■ Instructions to follow ■
Return an exact copy of the data, starting at its first line and ending at the line that contains "Hlavní program začíná", minus any pictures.
Data extract section start
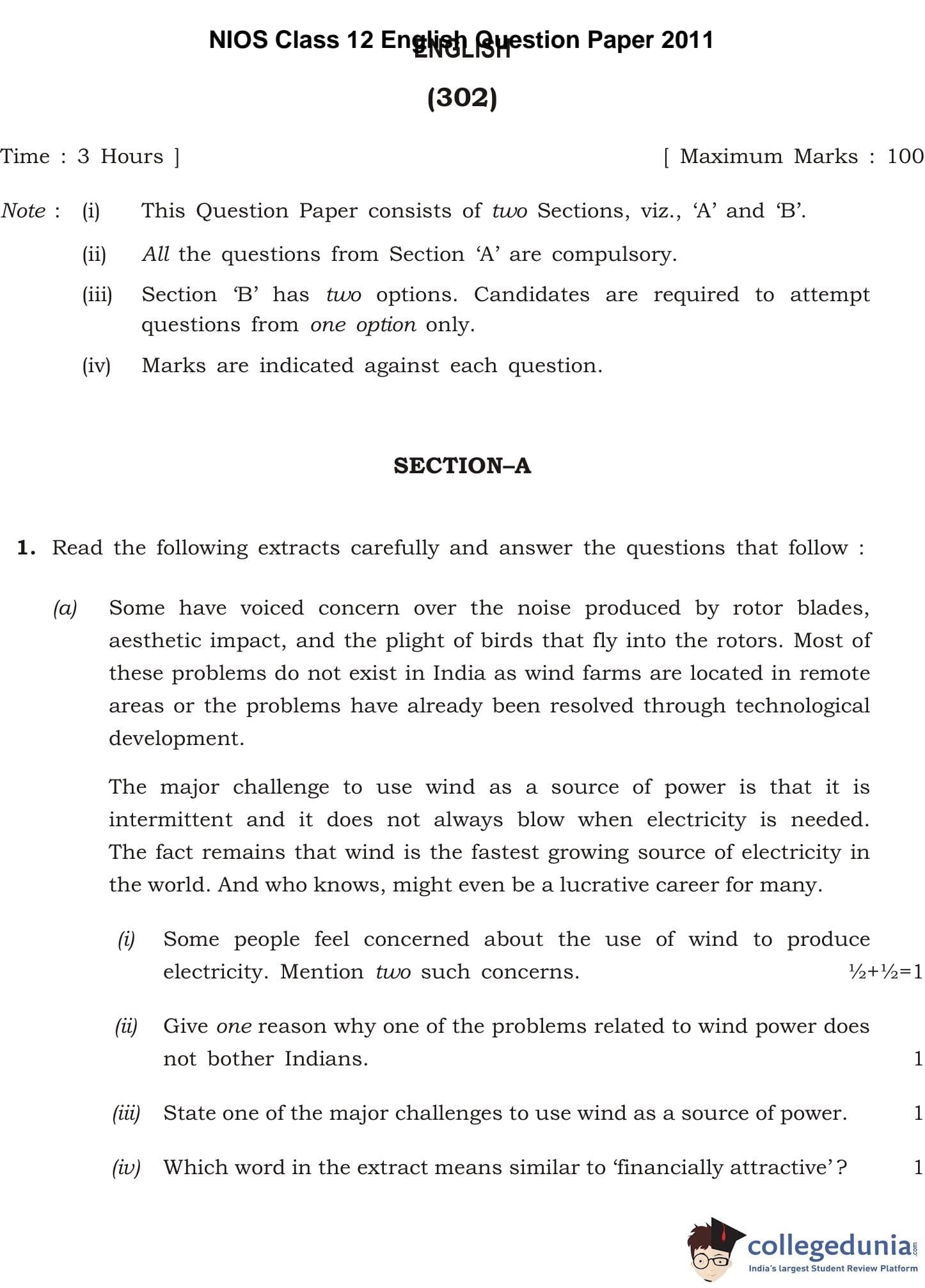 NIOS Class 12 English Question Paper 2011 with Answer Key pdf is available for download here. The exam was conducted by National Institute of Open Schooling. The question paper comprised a total of 21 questions divided among 2 sections.
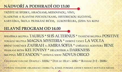 Hlavní program začíná ve 14.00, vystoupí šermířské, divadelní a taneční skupiny, zazní dobová hudba
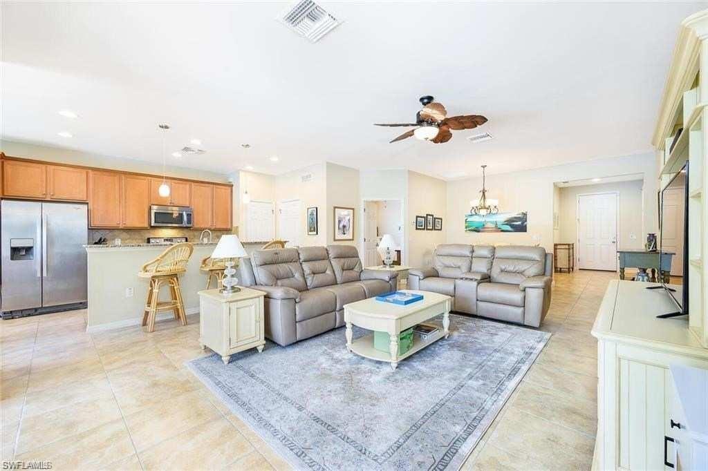 This beautifully furnished 3-bedroom + Den, 2-bath single-family home in the highly desirable VillageWalk of Bonita Springs offers 1,912 sq. ft. of well-designed living space. The home comfortably sleeps six with 1 King bed, 1 Queen bed, and 4 Twin beds. The den is fully equipped as a home office with a desk, monitor, printer, speakers, and more; ideal for remote work or extended stays. The open-concept layout features tile flooring throughout, a spacious living area, and a fully equipped kitchen perfect for entertaining or relaxing.Step outside to the private screened lanai with a sparkling saltwater pool and spa, surrounded by lush landscapingu2014offering a serene and private retreat. Additional conveniences include a 2-car garage, an automatic whole-house generator ensuring uninterrupted power, and comprehensive pest control covering both interior and exterior areas.The home is pet-friendly (up to 25 lbs) and smoke-free. Residents enjoy access to VillageWalku2019s resort-style amenities, including a heated pool, state-of-the-art fitness center, tennis and pickleball courts, bocce, business center, clubhouse, full-service restaurant, community park, car wash, gas station, and scenic walking and biking trails. Located just minutes from the beaches, shopping, and dining of Bonita Springs, Naples, and Estero, this home offers the ideal Southwest Florida lifestyle.Available from January through April at $9,100 per month, with a $2,500 security deposit. Minimum of 120 days required.Rent includes electricity (cap of $250), water (cap of $100), basic cable, internet, pool service, lawn and landscaping, trash removal, and interior and exterior pest control.Please note: An 11.5% state and local transient rental tax applies to all rentals of six months or less.
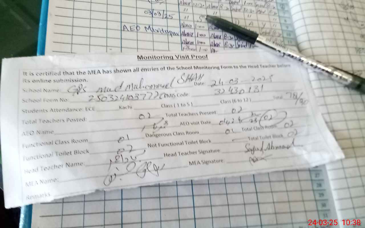 | EMIS Code: 32430131 | Name of School: GPS MUD MUHAMMAD SHAH | |||
Data extract section end
■ Answer area ■
 NIOS Class 12 English Question Paper 2011 with Answer Key pdf is available for download here. The exam was conducted by National Institute of Open Schooling. The question paper comprised a total of 21 questions divided among 2 sections.
 Hlavní program začíná ve 14.00, vystoupí šermířské, divadelní a taneční skupiny, zazní dobová hudba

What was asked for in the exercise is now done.